= TASK GOAL =
No pictures should appear. The lines from the beginning of the listing through the one holding "在当下山寨币热潮中,这款与美" must be reproduced exactly, and nothing more.

= COLLECTED DATA =
::::

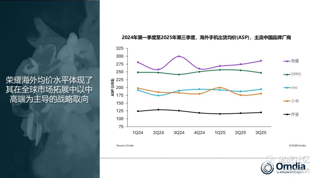 当多数厂商还在200美元以下的红海里肉搏时,荣耀将资源精准投向300-499美元价位段,该价位段占其海外出货的23%,在中国主流厂商中占比最高。
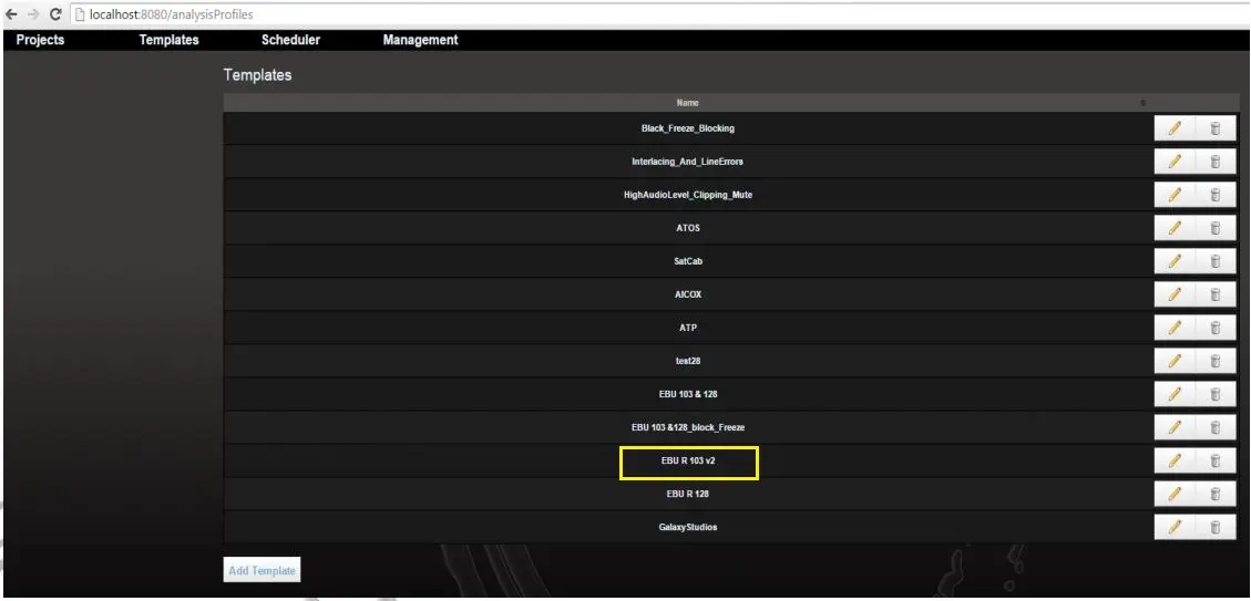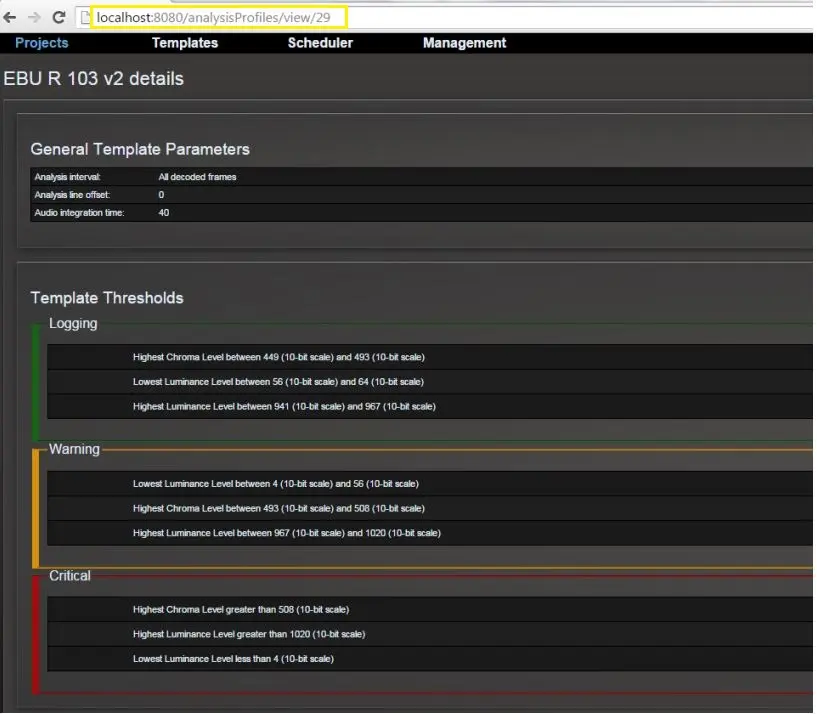 Select one of the analysis template (e.g. EBU R 103 v2) to view its parameters.
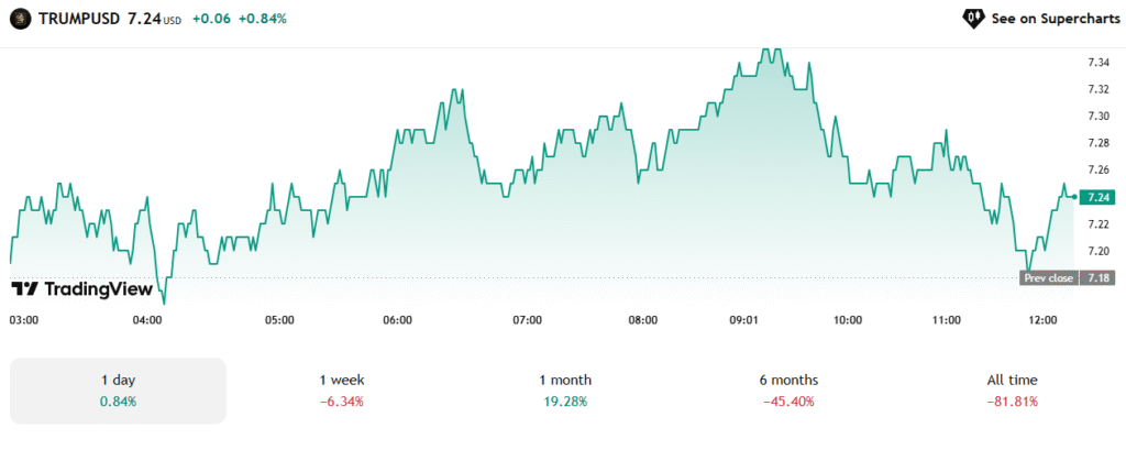 在当下山寨币热潮中,这款与美国前总统特朗普关联的代币因新奇性和政治元素引发交易者兴趣。但市场情绪明显呈现投机特征,$TRUMP价格从7.18美元微升至7.24美元的同时,剧烈波动暴露了需求不足的实质。
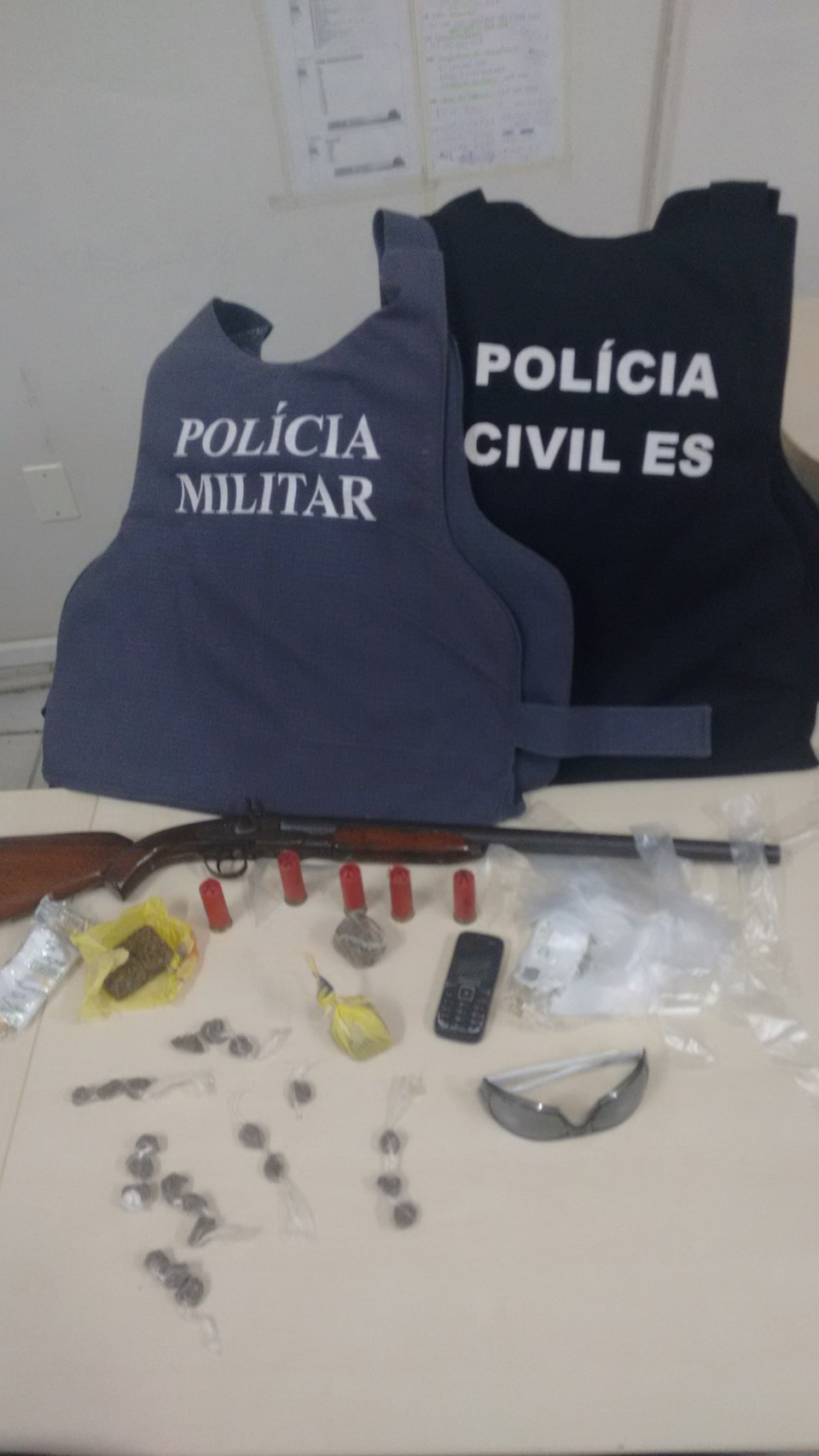 Nesta terça-feira (21), os policiais civis da Delegacia de Sooretama em conjunto com militares realizaram uma operação com objetivo de cumprir o mandado de prisão temporária por homicídio de J.C.P.O., 19 anos. Ele foi detido em casa no bairro Salvador, no município. Dentro da residência do suspeito os policiais apreenderam uma espingarda calibre 228, 12 munições do mesmo calibre, três porções médias de maconha e um aparelho celular.

::::

= EXERCISE OUTPUT =
 当多数厂商还在200美元以下的红海里肉搏时,荣耀将资源精准投向300-499美元价位段,该价位段占其海外出货的23%,在中国主流厂商中占比最高。
 Select one of the analysis template (e.g. EBU R 103 v2) to view its parameters.
 在当下山寨币热潮中,这款与美国前总统特朗普关联的代币因新奇性和政治元素引发交易者兴趣。但市场情绪明显呈现投机特征,$TRUMP价格从7.18美元微升至7.24美元的同时,剧烈波动暴露了需求不足的实质。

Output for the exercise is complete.